— Да ведь это ж сам Ромашко Дьячко, — воскликнула она, — ну, я же тебя предупреждала… Украл он. Украл твой полтинник.
— Что такое? — спросила Вера, поднимаясь на террасу.
— Вообрази, Степа дал полтинник Ромашке Дьячко.
— Я послал его за папиросами.
— Ну, что же, Степа, одним полтинником будет у вас меньше.
— Нет, Степа, ты не беспокойся.

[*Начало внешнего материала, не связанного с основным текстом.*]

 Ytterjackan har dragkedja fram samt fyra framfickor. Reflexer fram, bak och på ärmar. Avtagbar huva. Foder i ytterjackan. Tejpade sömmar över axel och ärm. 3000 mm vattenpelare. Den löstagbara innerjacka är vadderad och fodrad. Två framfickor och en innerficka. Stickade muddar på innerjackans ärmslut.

Я это завтра же выясню…
— Да я не беспокоюсь; я думаю, что он еще принесет папиросы…
— Он?
Вера тихо рассмеялась.
— Ваша доверчивость, Степа, достойна похвалы, а полтинника вы все-таки не увидите.
— Ну, как-нибудь обойдусь.
— Вы, мама, должно быть, не предупредили Степу?

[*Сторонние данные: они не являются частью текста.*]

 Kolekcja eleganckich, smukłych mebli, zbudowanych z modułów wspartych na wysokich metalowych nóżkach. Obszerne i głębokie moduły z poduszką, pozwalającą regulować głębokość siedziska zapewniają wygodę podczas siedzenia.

— Предупредила, Верочка, предупредила.
— Я спать пойду, — сказал Степан Андреевич, ибо надо было как-нибудь кончить беседу. — Покойной ночи.
— Покойной ночи… Не плачьте о полтиннике, а в другой раз будьте осторожнее… и еще Марье не верьте… Марье у нас только мама верит.
— Верочка! И не грех тебе? Ну, когда же я Марье верю?
Неподвижен был сад, весь серебряный, с черными тенями, а луна, яркая, как солнце, разогнала на самый край неба бледные звезды и, казалось, обижена была, что ей предпочитают полтинник.
Степан Андреевич после фокстрота испытывал жуть, знакомую музыканту, который соврал в самом важном месте на многолюдном концерте, или писателю, который в уже напечатанной книге обнаружил непоправимую нелепицу: герой, все время называвшийся жгучим брюнетом, под конец дарит возлюбленной свой золотистый локон. И ведь бывают, и ведь бывают такие случаи.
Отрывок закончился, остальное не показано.